Which is the song that follows you around the most?

Curt: Everybody Wants To Rule The World and Mad World, those are the two.

Roland: It has to have 'world' in the title.

Curt: We don't have anything called world on this album.

Roland: We'll have to change it again.

What did you make of the Michael Andrews and Gary Jules version of Mad World?

Roland: Well, it was a shock to me, to actually listen to those lyrics exposed, without being hidden behind that electronic arrangement. It sent shivers up my spine.

Kurt: The first time I heard it was on American radio and I thought it was Michael Stipe. But what is really gratifying is versions of songs like that one, and Lorde's version of Everybody Wants to Rule The World, is that really bring a different interpretation of the song. And in some ways, their production is almost more in tune with the lyrics than our versions were.

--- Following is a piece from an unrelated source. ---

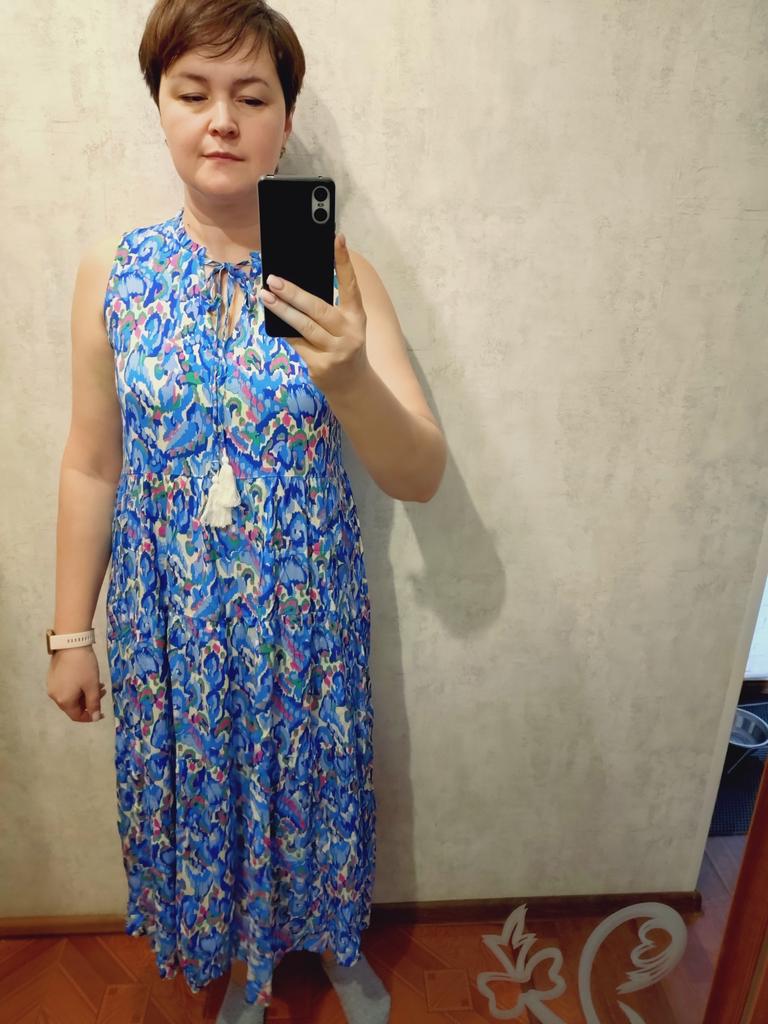 A wonderful light dress. It fit well on my 106-90-106. I chose according to the size chart. Didn't make a mistake. If it shrank after washing, it was by the smallest amount. I recommend it!

How do you feel the new album compares to those classics?

Curt: We feel like this is some of the best work we've ever done. The looks we gave each other at the end of recording - we both we knew we had something really good, which is the best feeling you can get as a musician.

Tears For Fears were speaking to BBC music correspondent Mark Savage; Samira Ahmed on BBC Radio 4's Front Row; and Charlie Stayt and Naga Munchetty on BBC Breakfast.